**PROBLEM DETAILS**
What you return should be the exact lines from the one with "Sabato 26 settembre, presso" to the end of the records below, both included, and no pictures.

Extracted data entries
+===+

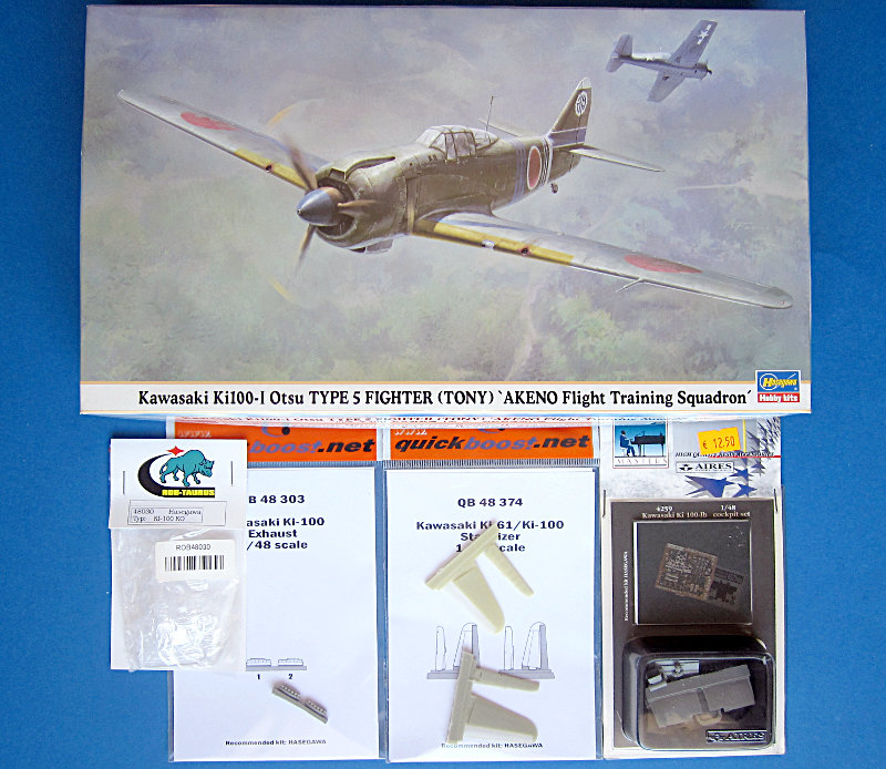Das Projekt sollte fast aus dem Kasten gebaut werden, aber ich hab mich doch für einige Zubehörsets entschieden. Hasegawas Grundbausatz habe ich ein Cockpit von Aires spendiert, welches mit dem Zoom Instrumentenbrett von Eduard ergänzt wurde. Weiterhin wurden Auspuffstutzen von Quickboost und die Vakukanzel von Rob Taurus verwendet. Da mir das Weiß der Hasegawadecals meist zu gelblich ist, habe ich die Markierungen aus dem Lifelikebogen verwendet. Für die Bemalung habe ich die Farben aus dem Gunze Laquer Programm gemäß Hasegawas Bemalungsanleitung bestellt. Zur Klärung von Detailfragen hatte ich das Maru Mechanic zur Ki 61/100 und Ki 48.
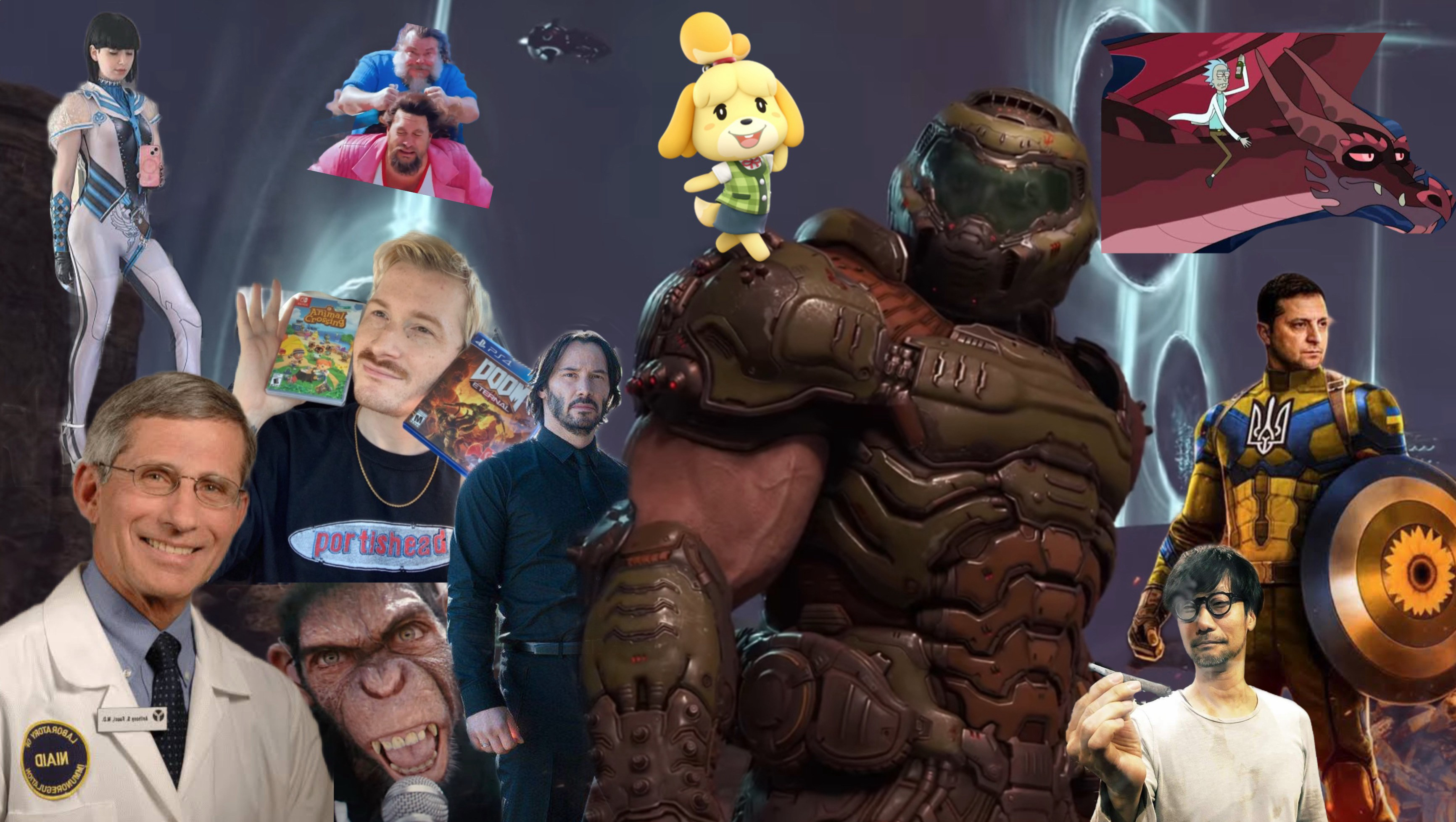 >previously on ZOOM RING: THE EBONIC AGES>doomfolk! You can't beat me! So... I rebelled against Heaven!>*doomguy breathing heavily*>doomie, can you hear me? To your left.>*a portal opens*>*Volodimir Zelensky, Isabelle and Dave Rivera join the battle*>*another portal opens*>K-Kojima-san?!! And…Suzi?!>*SphereHunter performs a bayonetta-like flip while wearing his Eve cosplay from Stellar Blade and lands epically in front of doomguy*>*Another portal features Anthony Fauci, Keanu Reeves and Better Man*.>We must be better...>*from a portal in the sky appears Doomguy's dragon who was thought to be dead and in comes Rick Sanchez*>Who is a good boy? You you are a good boy! Wubba lubba dub!>*Minecraft's Jack Black and Jason Momoa fall from the sky doing a waterdrop*>I... AM KYIIIIIIV>*Satan watches in bewilderment*>You can't beat me!>I'm surprised that a fella like you is hurting people, come to your senses, you're behaving like Grummz! -says dave rivera>You can be better than this...- says better man>*Satan orders his army to attack*.>*Captain Zelensky moves into attack position*.>I've dealt with tyrants like you and Putler before!>*Doomguys looks seriously*>DOOMVENGERS!>ASSEMBLE...>*Avengers endgame battle theme metal cover by ROYAL BLOOD*>*Everyone races in an offensive that will decide whether good or evil will win*>*Dave rivera orders his followers in Xitter to overload hell's defense systems*>*Isabelle violently attacks the infernal forces*>I may be wholesome but I'm also tough!>*Anthony Fauci throws syringes like kunais*>Try this, chuds!>*Kojima attacks a giant demon using his epic mecha*>Just like evangeliom! -says keanu reeves>*doomguy and satan jump in front of each other ready to finish this epic battle*
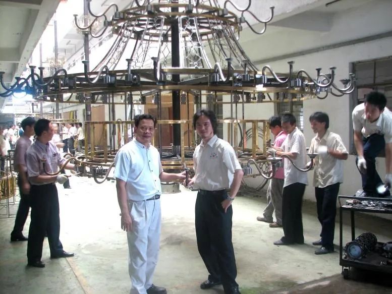 在常平镇下墟社区一栋古典建筑的外墙上,一块“人民大会堂灯具生产基地”的金属牌匾在阳光照耀下格外惹眼。基地主人即梵尔赛灯饰公司董事长黄河山此时正忙碌不已,作为人民大会堂灯饰主要供应商,他正在协调相关产品的各方面事务。
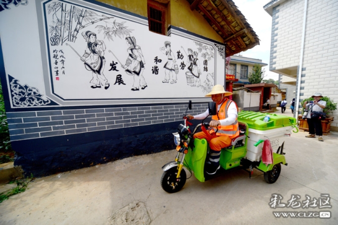 这是西山区观音山社区配备的垃圾环卫车,专职环卫人员巡游为村子进行保洁工作。
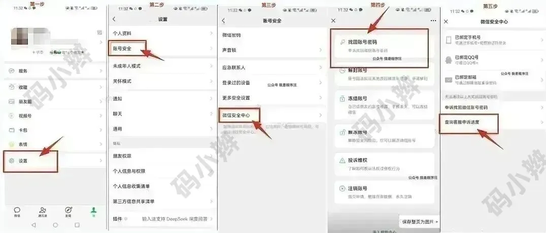 还可以在微信中依次点击「我」→「设置」→「账号安全」→「微信安全中心」,选择「找回账号密码」功能,输入手机号码和回执编号即可了解当前状态。
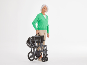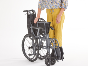Other features include flip-up armrests for easy side transfer, a storage bag on the rear of the backrest and lift handles for easy transportation.
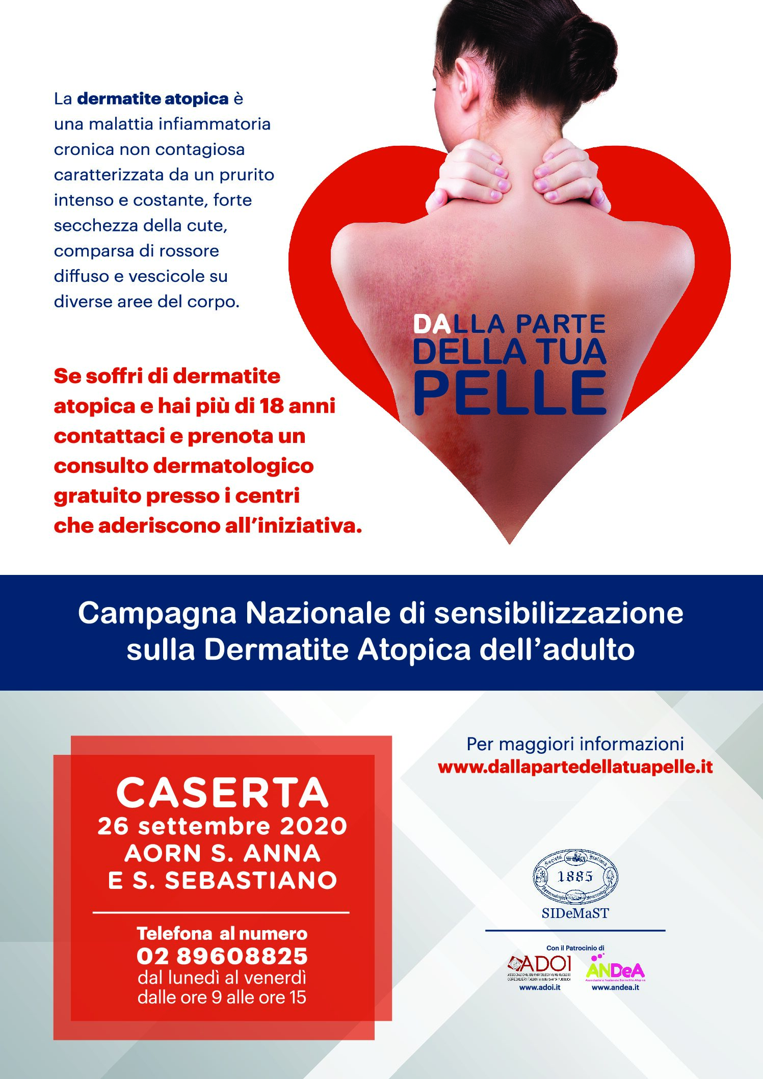 Sabato 26 settembre, presso l’Unità Operativa di Dermatologica dell’AORN Sant’Anna e San Sebastiano di Caserta diretta dal Dott. Battarra chi soffre di dermatite atopica potrà prenotare una visita di controllo dermatologico gratuito telefonando al numero 02 89608825 dal lunedì al venerdì dalle ore 9,00 alle ore 15,00.
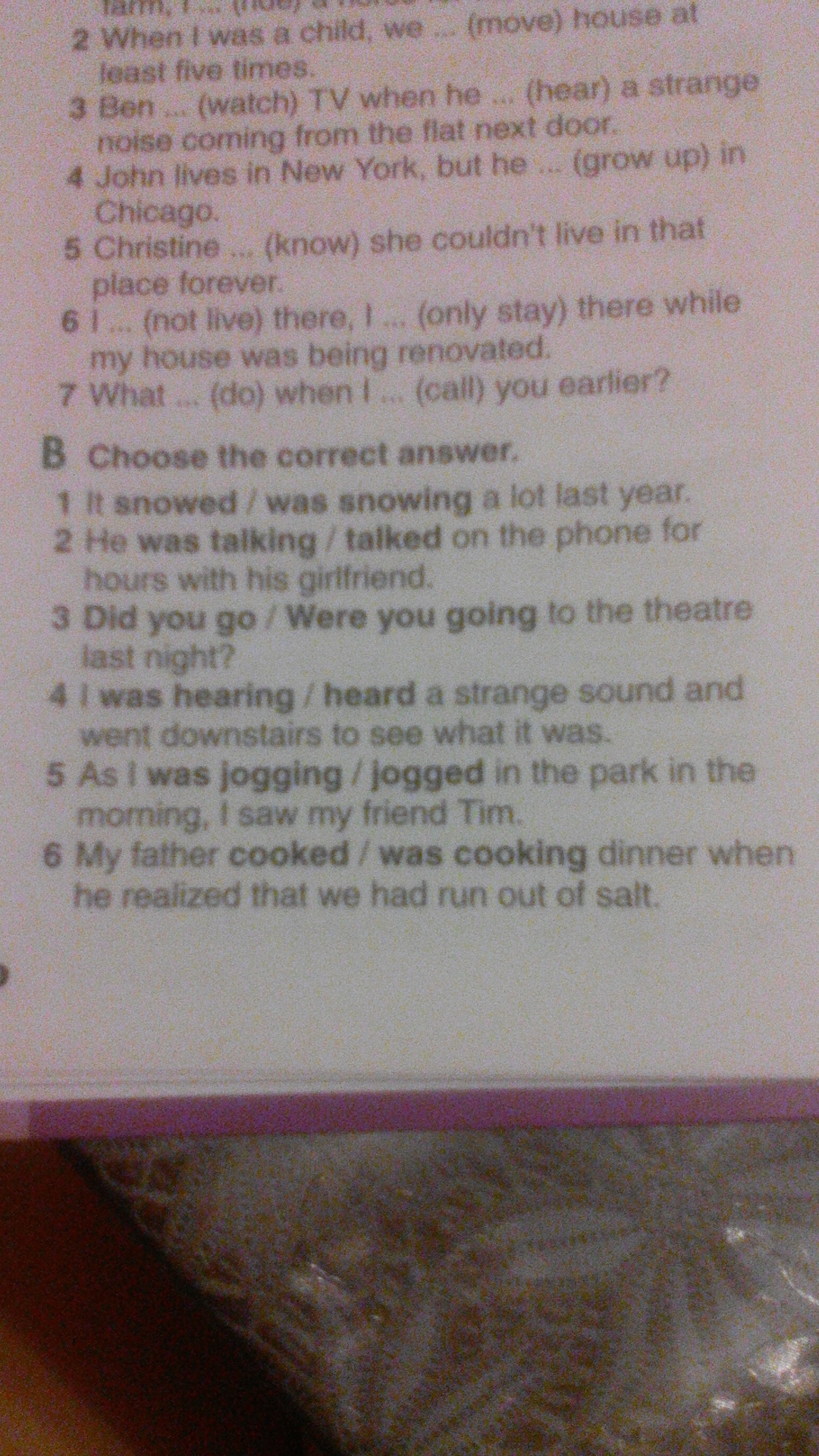 1/ It snowed.... 2/He was talking..........3/Did you go.......................? 4/I heard...... /глаголы восприятия невозможно в Continous Tense !/

+===+

**EXERCISE RESPONSE**
 Sabato 26 settembre, presso l’Unità Operativa di Dermatologica dell’AORN Sant’Anna e San Sebastiano di Caserta diretta dal Dott. Battarra chi soffre di dermatite atopica potrà prenotare una visita di controllo dermatologico gratuito telefonando al numero 02 89608825 dal lunedì al venerdì dalle ore 9,00 alle ore 15,00.
 1/ It snowed.... 2/He was talking..........3/Did you go.......................? 4/I heard...... /глаголы восприятия невозможно в Continous Tense !/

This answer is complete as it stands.